**Problem**
Quote every line of the data below as it stands, omitting pictures.

**Data excerpt**

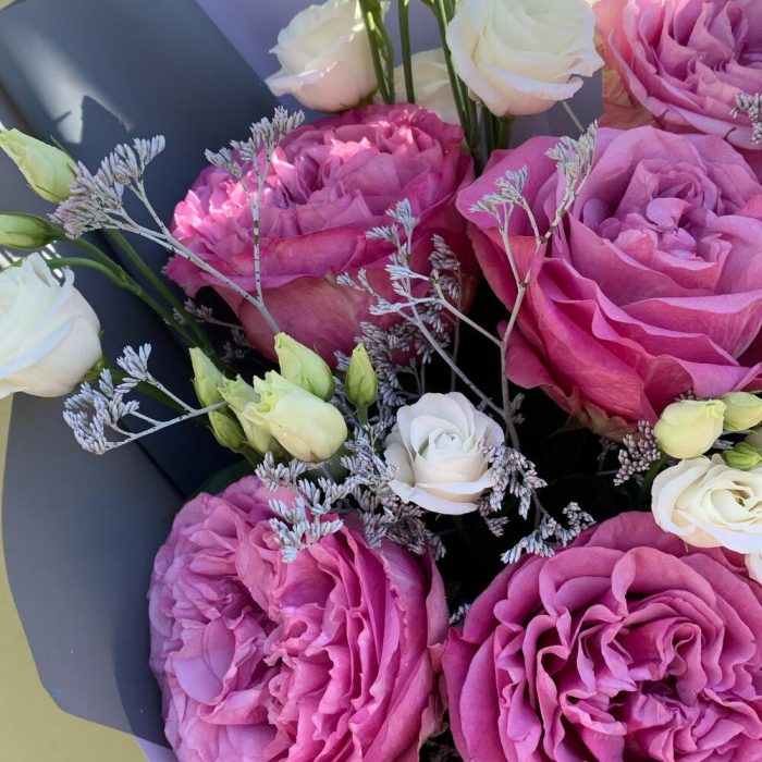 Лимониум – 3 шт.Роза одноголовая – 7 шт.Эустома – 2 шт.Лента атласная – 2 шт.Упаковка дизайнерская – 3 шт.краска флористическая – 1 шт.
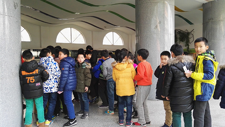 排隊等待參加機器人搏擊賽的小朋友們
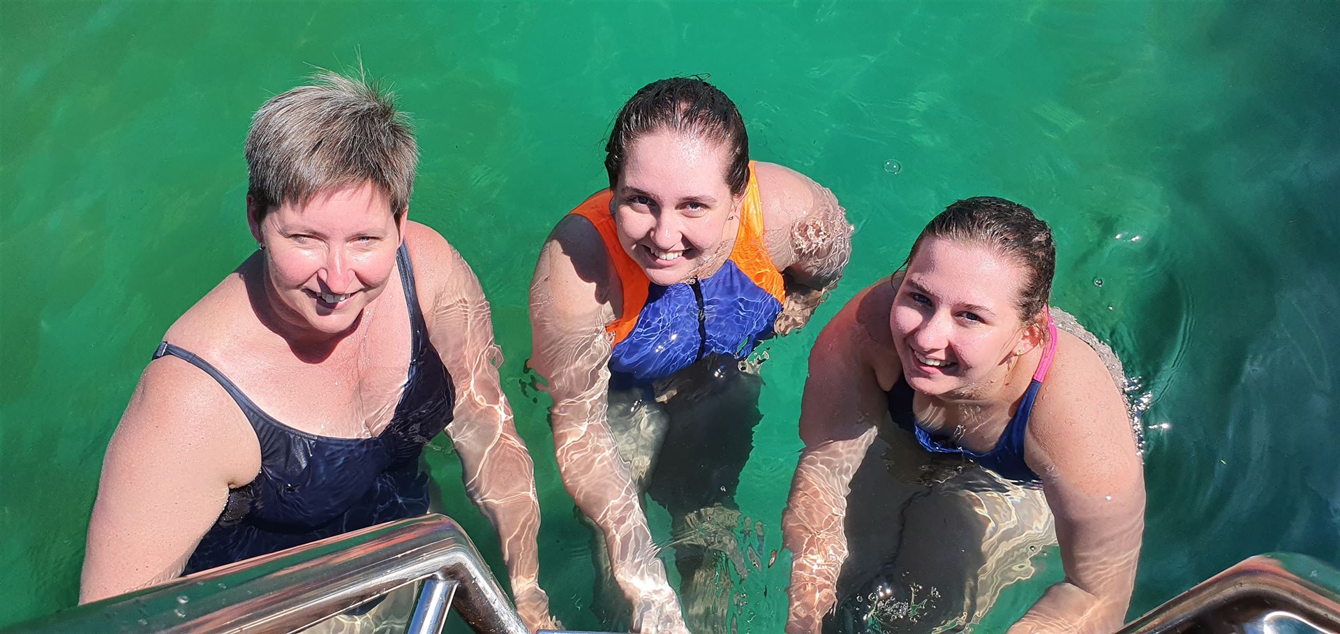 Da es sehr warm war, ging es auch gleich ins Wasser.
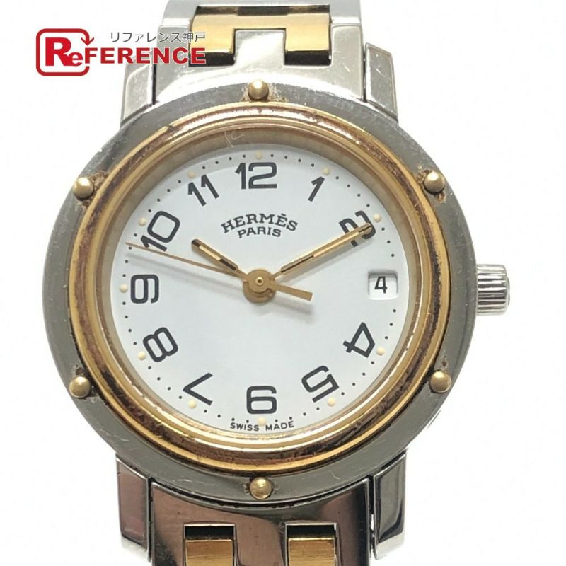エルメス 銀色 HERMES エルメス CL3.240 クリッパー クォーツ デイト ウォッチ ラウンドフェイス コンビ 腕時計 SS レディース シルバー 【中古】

**Result below**
 Лимониум – 3 шт.Роза одноголовая – 7 шт.Эустома – 2 шт.Лента атласная – 2 шт.Упаковка дизайнерская – 3 шт.краска флористическая – 1 шт.
 排隊等待參加機器人搏擊賽的小朋友們
 Da es sehr warm war, ging es auch gleich ins Wasser.
エルメス 銀色 HERMES エルメス CL3.240 クリッパー クォーツ デイト ウォッチ ラウンドフェイス コンビ 腕時計 SS レディース シルバー 【中古】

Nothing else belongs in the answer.